To reflect the foregoing,
Decision will be entered under Rule 155.
All section references are to the Internal Revenue Code of 1954, as amended and in effect for the year here in issue. All Rule references are to the Tax Court Rules of Practice and Procedure.
Petitioner Mildred Bialo is a party to this case solely by virtue of having filed a joint income tax return with her husband, Walter Bialo, for the taxable year ending Aug. 31, 1978. The term petitioner will be used hereafter solely to refer to Walter Bialo.
Sec. 305(a) provides, in general, that gross income does not include the amount of any distribution of the stock of a corporation made by such corporation to its shareholders with respect to its stock.
If Universal had distributed cash in the amount of the fair market value of the preferred stock, rather than the stock itself, the corporation’s earnings and profits would have been sufficient to require the shareholders to treat such a distribution as a dividend which would have been reported as ordinary income. Sec. 316(a); see sec. 306(c)(2).
Forty percent for contributions made after Oct. 31, 1978. Pub. L. 95-600, sec. 402(b)(2).
The record indicates that the New York Community Trust is an organization described in sec. 170(c), but fails to disclose whether or not it is a private foundation.
This Court continued to follow the analysis in our opinion in Chamberlin despite the reversal by the Sixth Circuit. In Estate of Rosenberg v. Commissioner, 36 T.C. 716 (1961), we held that the sale of preferred stock which had been distributed on common stock to large corporate investors, and which contained a mandatory redemption provision, resulted in a dividend to the shareholders taxable at ordinary income rates. After examining the transaction, we stated:
“the purpose [of the distribution, sale and redemption] was to siphon off corporate earnings and profits and the importance which we attach to the redemption provision is that it enabled petitioners to accomplish the plan without a permanent impairment of their ownership and control of the corporation. [36 T.C. at 726.]”
Similarly, in the case at bar, petitioner attempted to use Universal’s earnings and profits to make a charitable contribution for which petitioner took a deduction while neither recognizing dividend income nor losing control of the corporation.
The example provided to petitioner by his accountant reaches that conclusion as follows: if the corporation distributed $100,000 in cash to petitioner as a dividend, petitioner would have paid $65,000 in income tax on this amount, leaving him with $35,000 in cash.
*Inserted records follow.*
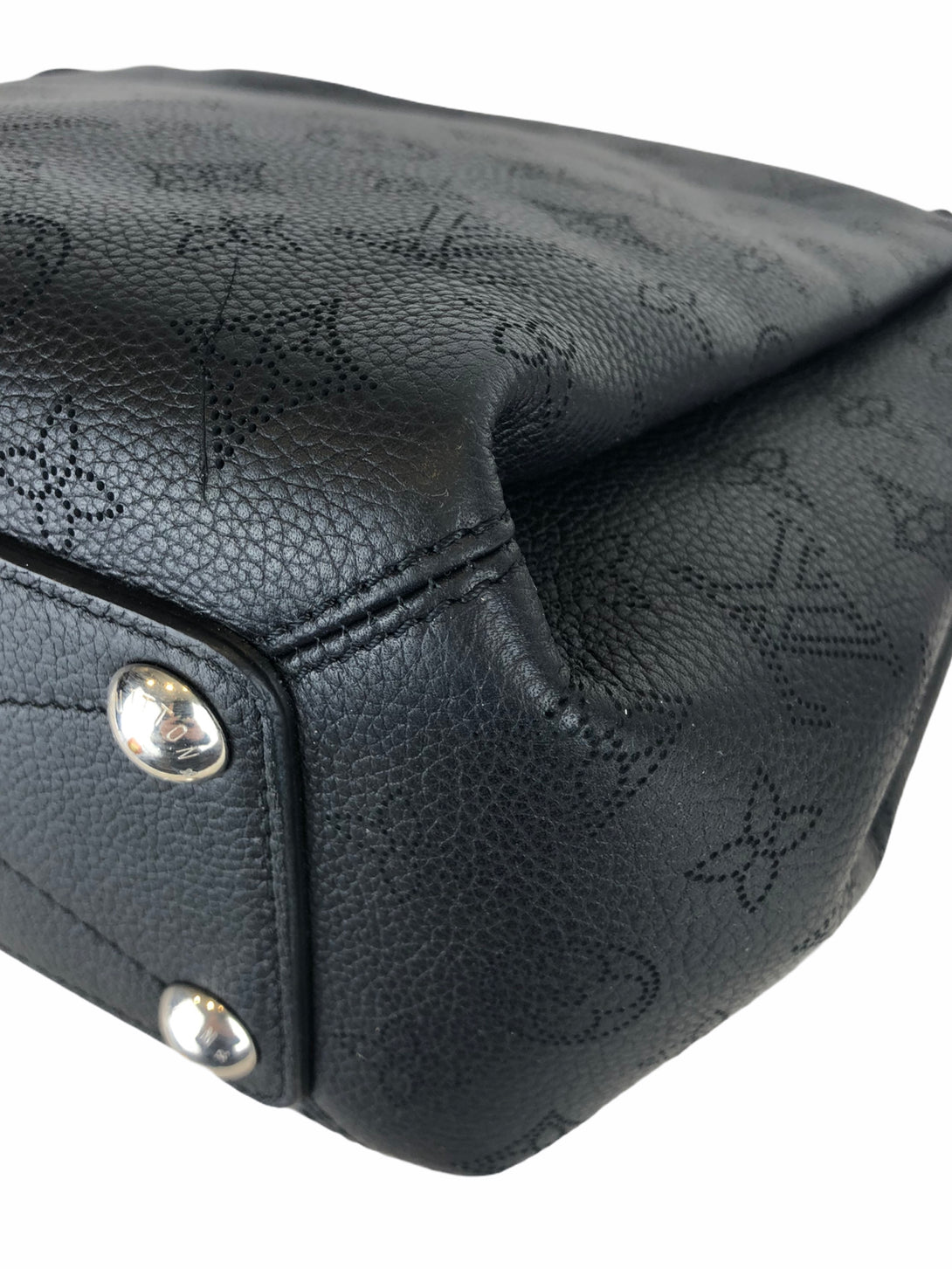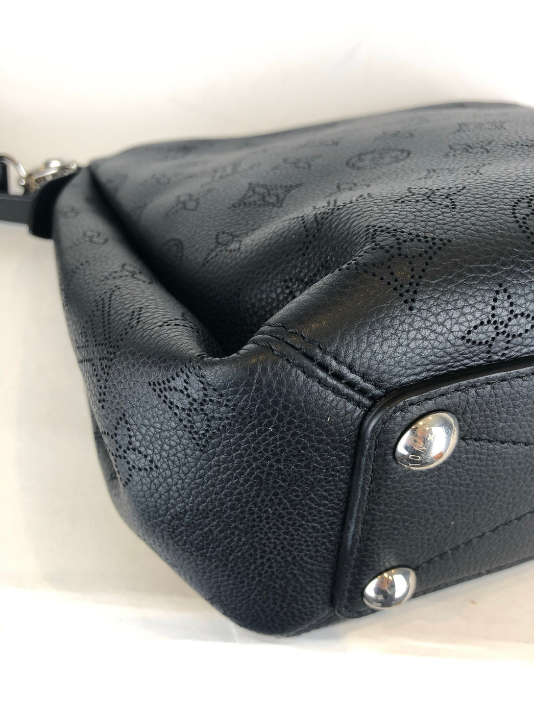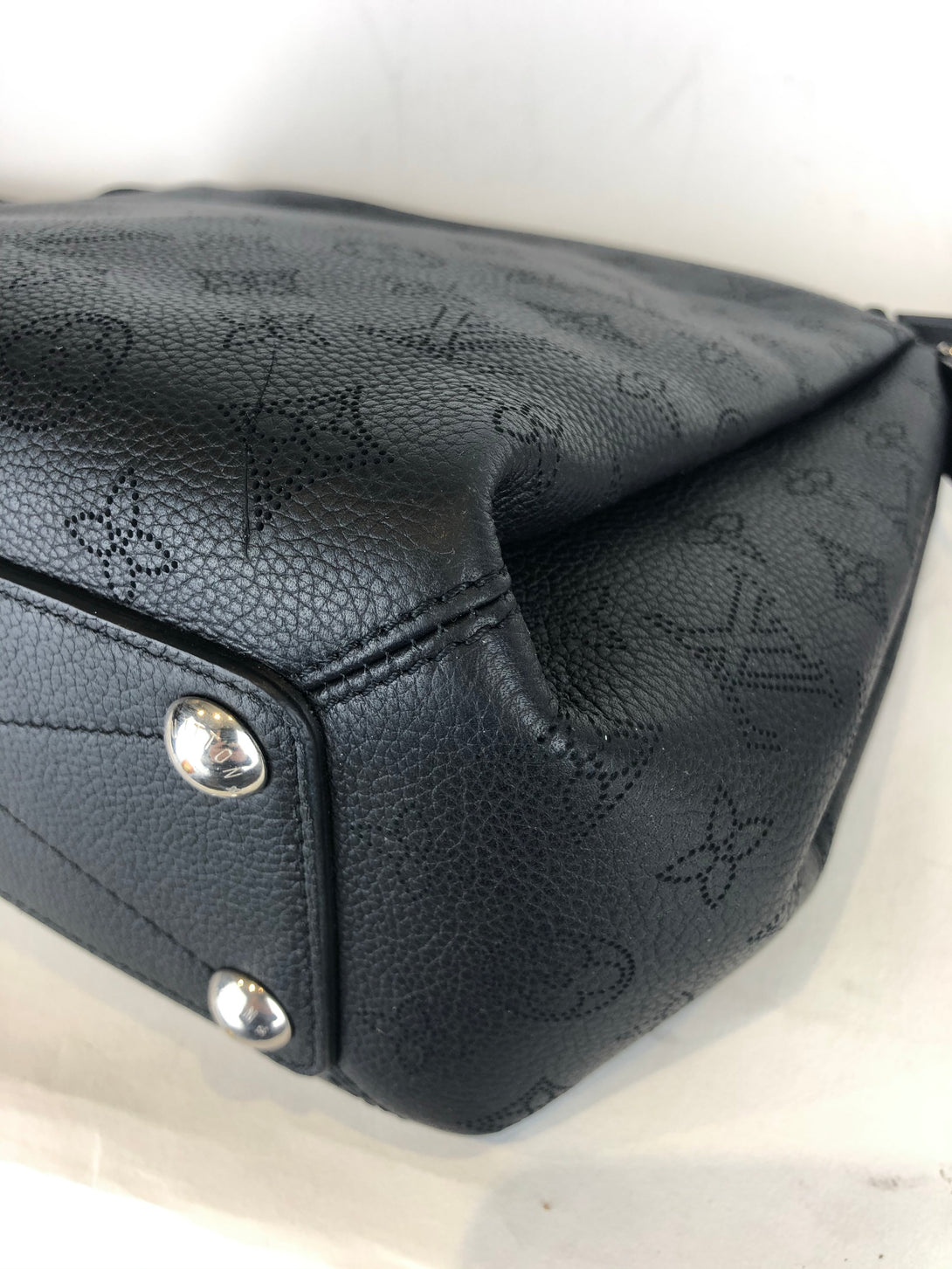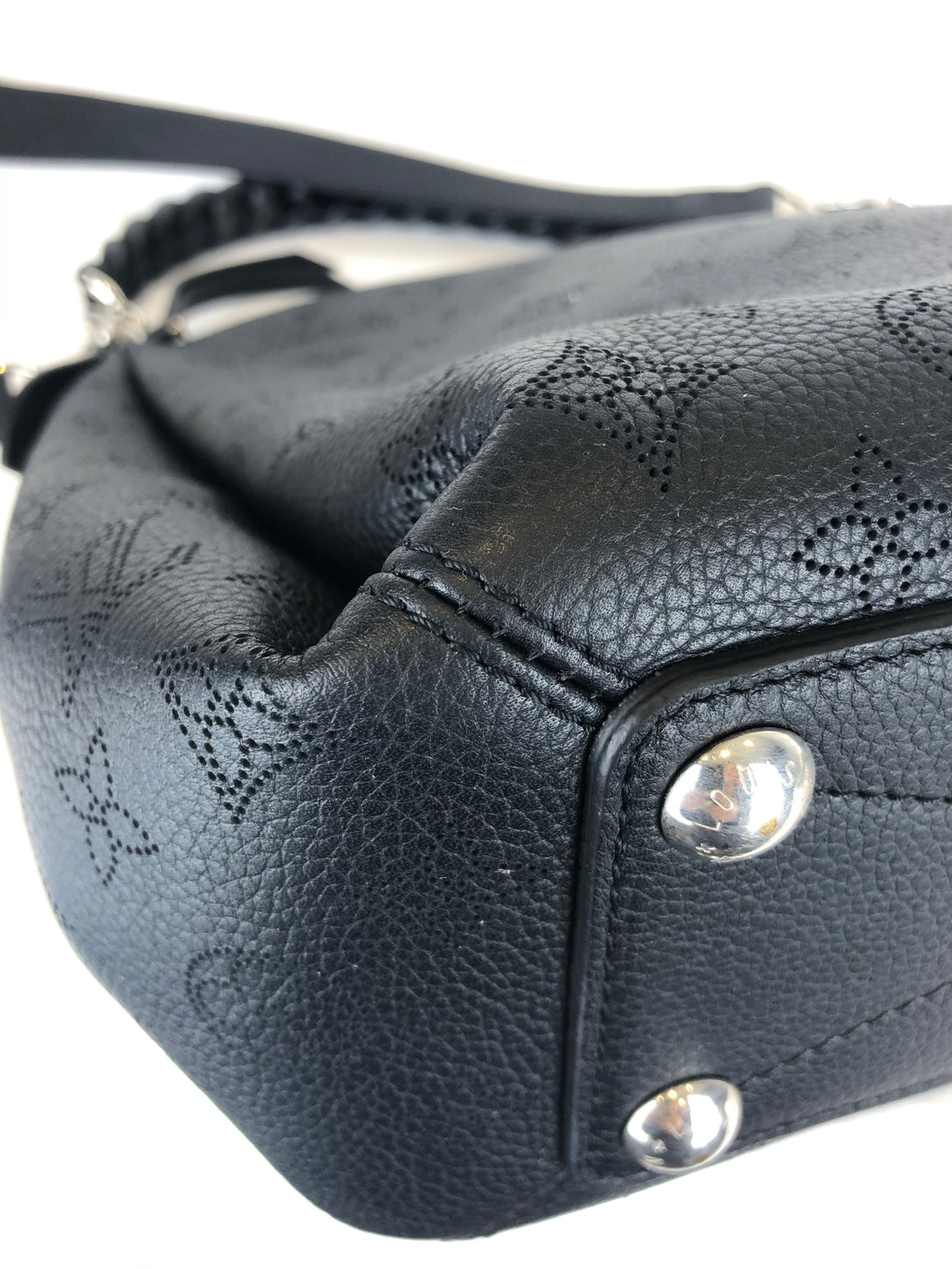 • Black, perforated monogram calf leather shoulder bag with polished silvertone hardware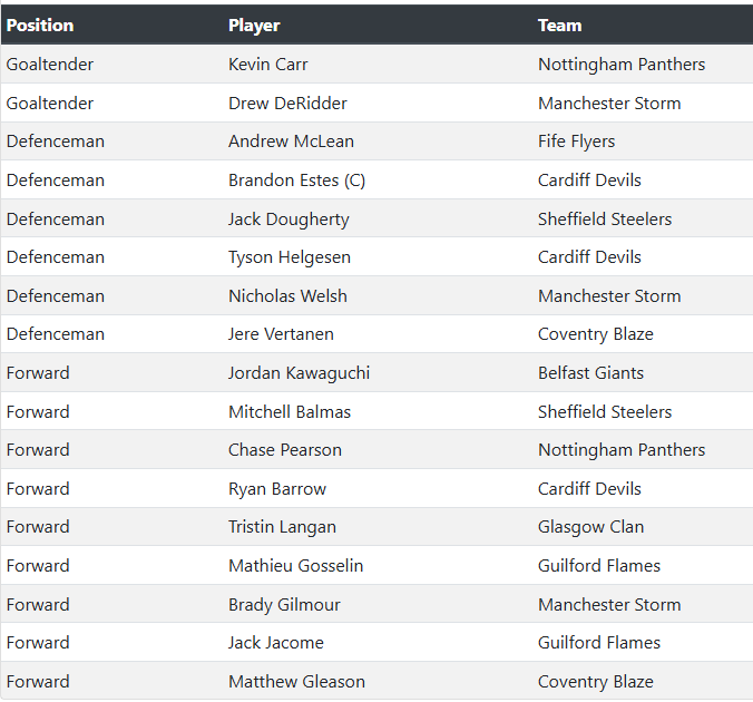 - Four defencemen hit 10+ points, led by Jere Vertanen (13.0).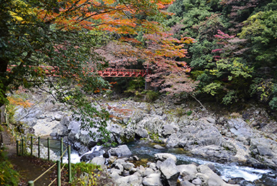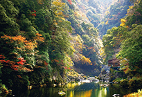 山口市内屈指の紅葉の名所として知られる景勝地。峡谷内には名物の鮎料理を提供するお店があるほか、渓谷の奥には温泉も湧出している。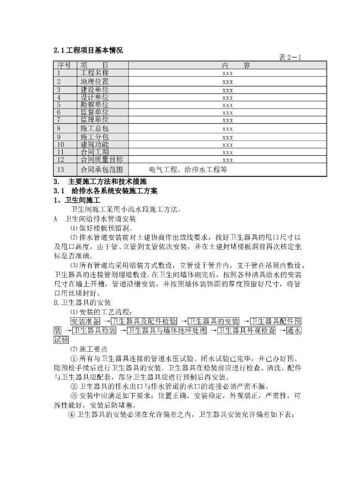某住宅工程给排水施工组织设计方案(Word.20页).doc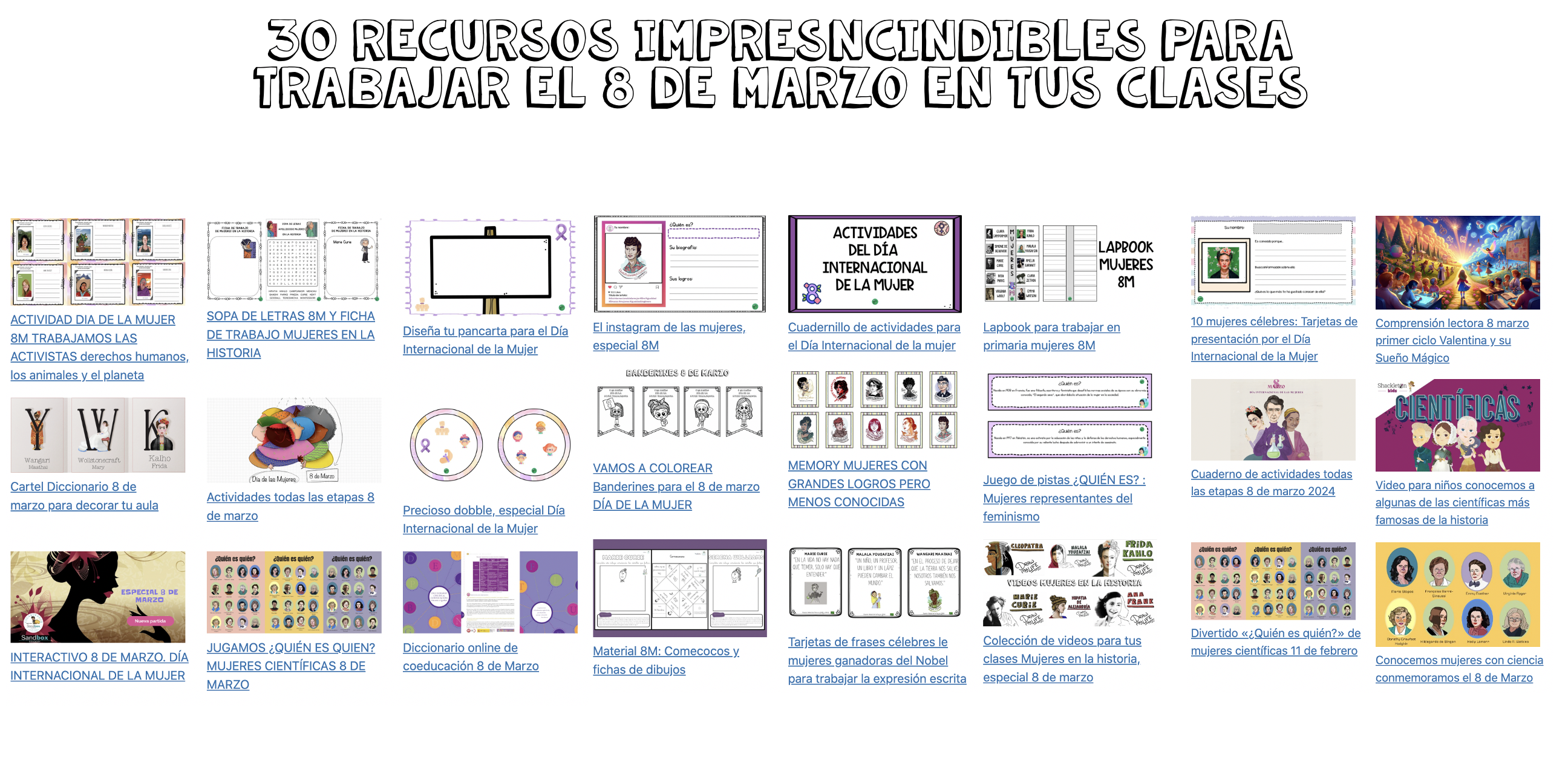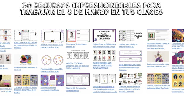 30 RECURSOS IMPRESNCINDIBLES PARA TRABAJAR EL 8 DE MARZO EN TUS CLASES Publicado por orientacionandujar el 7 marzo, 2024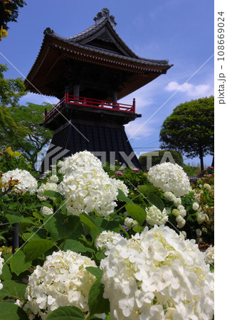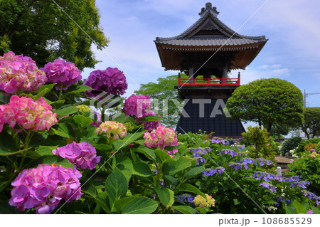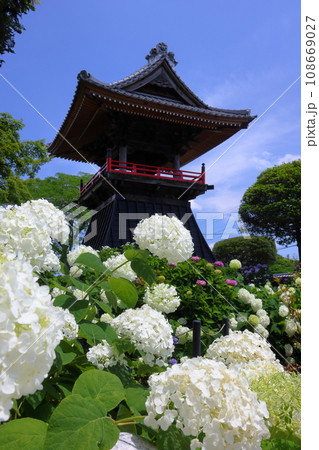能護寺 あじさいと鐘 楼埼玉県熊谷市

By using the distribution of preferred stock, however, petitioner paid no tax when the stock was distributed by the corporation and received a $100,000 charitable contribution deduction which resulted in a tax savings of $65,000.
See also Grove v. Commissioner, T.C. Memo. 1972-98; Carrington v. Commissioner, T.C. Memo. 1971-222; Fox v. Commissioner, T.C. Memo. 1968-205.
Humacid Co. v. Commissioner, 42 T.C. 894 (1964), was decided prior to the Tax Reform Act of 1969, which provided for the reduction of charitable contribution deductions for gifts of appreciated property.